Nearly a third of councils are behind in their preparations for new accounting rules, which come into force next year, according to an Audit Commission report.
The report said 31% (120 councils) were behind their project plans, with councils required to be fully compliant with International Financial Reporting Standards (IFRS) next year.
Significant improvement has however been made since November 2009, when the Commission last carried out research to gauge progress.
The report said overall there has been good progress but warned some authorities still face “significant challenges” to IFRS implementation.
It added: “Where local authorities fail to address issues there is a risk that auditors will qualify opinions on accounts or there will be delays to publishing accounts.

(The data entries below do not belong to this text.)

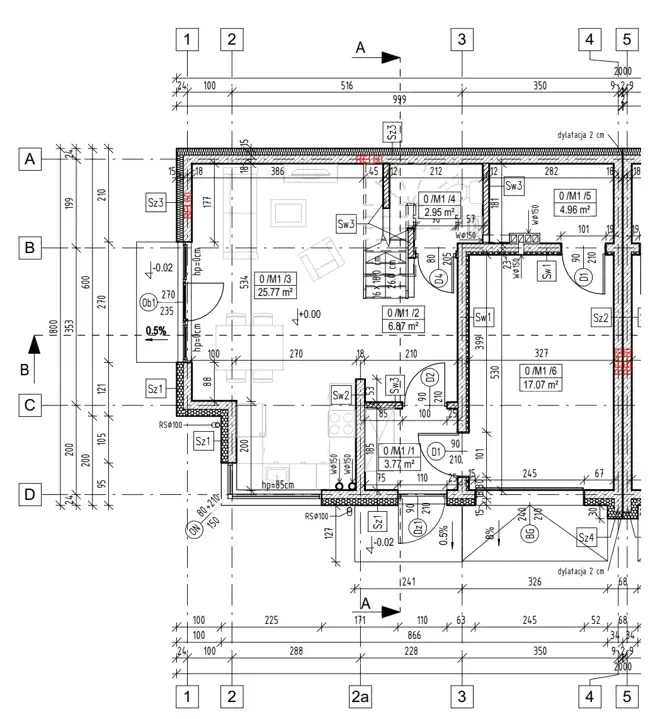 W całym domu zaplanowane ogrzewanie podłogowe.
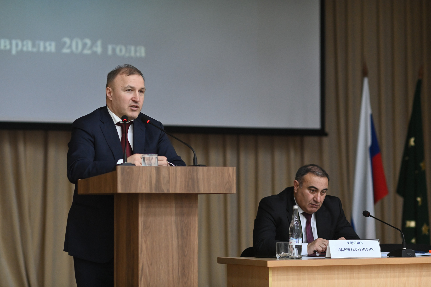 Фото: Алексей Гусев На сессии Совета народных депутатов глава Теучежского района Адам Удычак выступил с докладом по итогам работы в 2023 году.
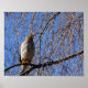 A hawk sits in a bare weeping cherry tree on a bright winter's day.
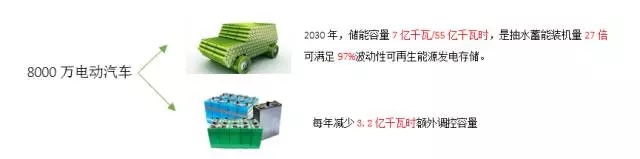 一是車載電池,按照2030年全國電動汽車保有量達到8000萬輛的預(yù)測,電動汽車每年充電需求將達到4100億千瓦時,理論儲能容量達到7億千瓦/55億千瓦時,其功率儲能的容量約為目前全國抽水蓄能裝機量的27倍。2030年風電,光伏發(fā)電電量將達到42.1億千瓦時,則僅電動乘用車的有效儲能容量即可滿足97%波動性可再生能源日發(fā)電量的存儲,如果電動汽車能夠有序充放電,則可以減少額外投資而獲得的巨大調(diào)控容量。
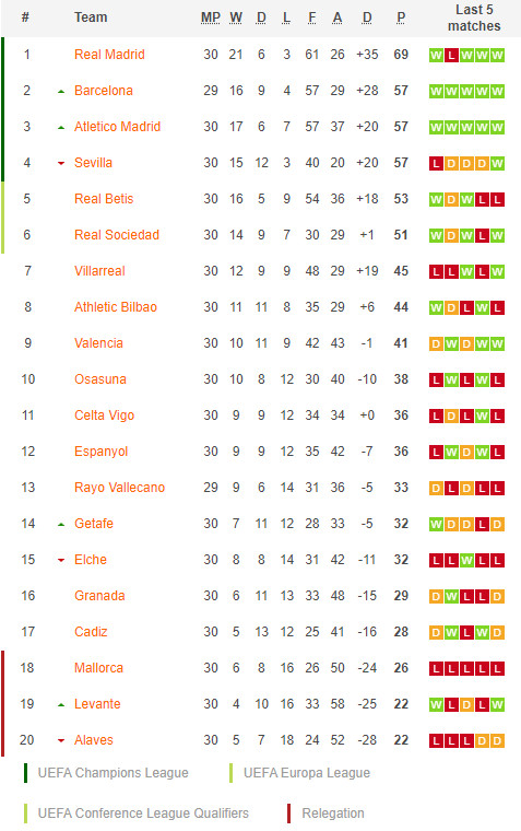 06/03/22 แพ้ บาเลนเซีย 1-3 (เยือน) ลา ลีกา / รอง 0.5 ... เสีย
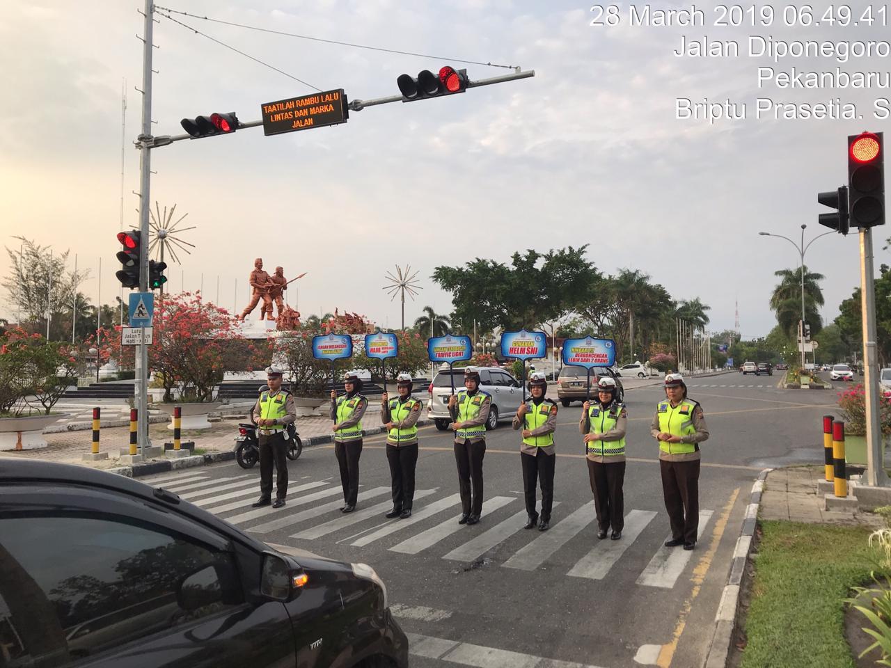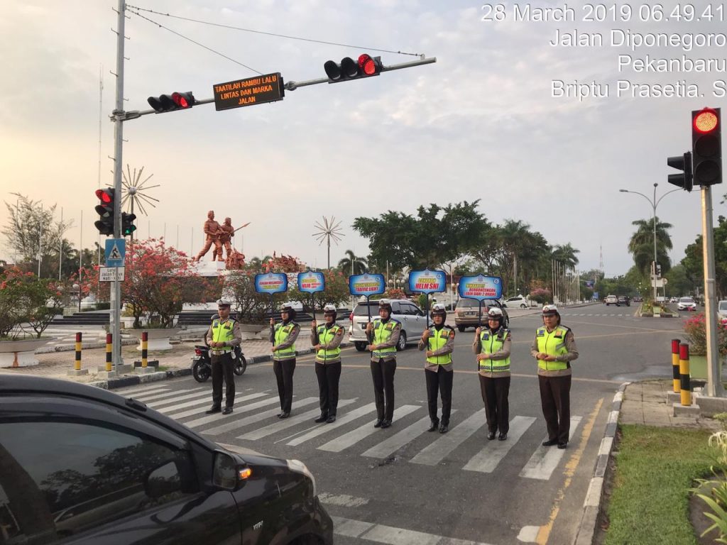 Kasat Lantas Polresta Pekanbaru Kompol Rinaldo Aser, SH, SIK, M.Si melalui Kasubnit I Unit Dikyasa Ipda Ratna Wilis mengatakan imbauan dilakukan mulai Pukul 06.30 wib, hal ini dilakukan untuk mengingatkan pengendara agar selama berkendara selalu tertib berlalu lintas.
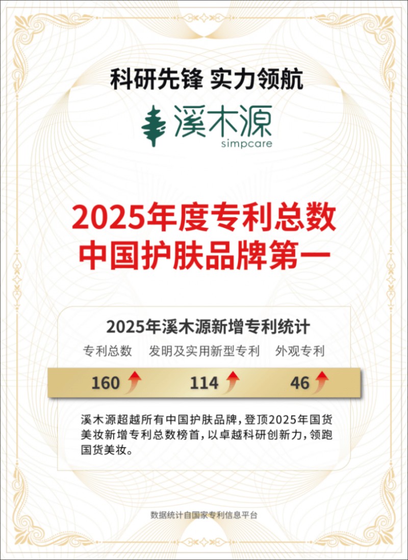 亮眼的市场表现和产品口碑的背后是溪木源对科研创新的极致追求,亦是始终贯彻“从科研到临床”的研发方针,打造医研共创的全链路敏感肌专研体系的有力体现。在CiE展会现场的「敏肌课堂」——敏感肌护理的创新突破与科学实证的分享中,溪木源研发合伙人、研发总经理张建华亮出了品牌最新的科研成绩单——截至2026年2月底,溪木源已累计获得477项专利授权及申请,发表核心学术论文60篇,主导及参与制定37项国家、行业、团体标准,涵盖中国首个敏感肌团体标准,推动行业向规范化和专业化发展。据国家专利信息平台统计,2025年溪木源新增专利总数达160项,位居中国护肤品牌第一,彰显绝对的研发创新能力。在此次展会上,溪木源荣膺2026CiE创新美妆大赏《年度最具创新力护肤品牌》奖项,其创新实力再次获得行业认可。
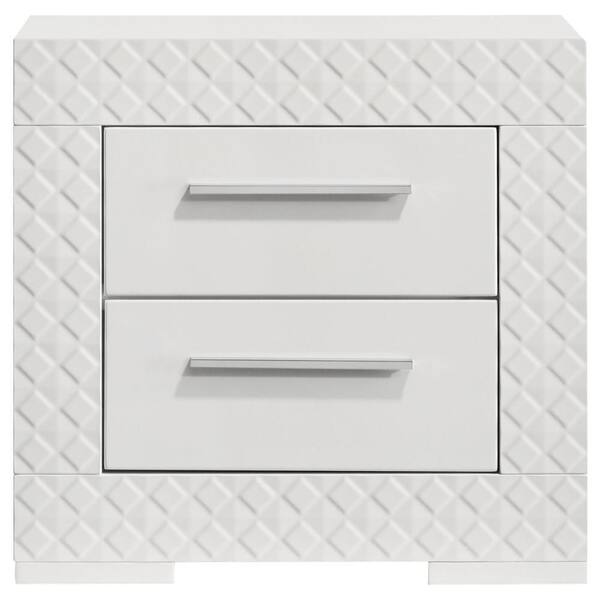 Ivon Glossy White 2-Drawer 25.5 in. W Nightstand
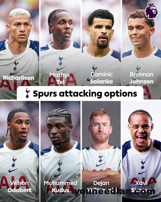 他们分别是:里沙利松、马蒂斯-特尔、索兰克、布伦南-约翰逊、奥多贝尔、库杜斯、库卢塞夫斯基,以及刚刚从莱比锡转会加盟的哈维-西蒙斯。
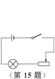 15. (2024·吉林)某调光台灯简化电路图如图所示,电源电压保持不变. 为使台灯变亮,滑片应向____端移动. 台灯工作一段时间后,发现无论怎样调节滑片,台灯一直很亮且亮度不变,电路中的故障可能是滑动变阻器____.

“At a practical level, if local authorities delay resolving any outstanding issues they risk incurring extra and unnecessary costs.
In November 2009, auditors reported that only 15% of authorities were on track to produce IFRS-compliant accounts and 21% of authorities were considered to be facing “serious difficulties” with implementation.
The latest report, based on research carried out in July, found 41% were on track while those facing serious difficulties had reduced to 6%. The remaining 53% of councils were considered to be facing minor difficulties, the report said.
Councils currently follow the Generally Accepted Accounting Principles, or GAAP, but the Accounting Standards Board wants all UK bodies, excluding a few small exceptions, to move onto IFRS, so they are more comparable.
Council finance experts say IFRS is a tougher requirement and since the move to introduce it for the sector was announced, districts in particular have raised concerns about additional reporting burdens.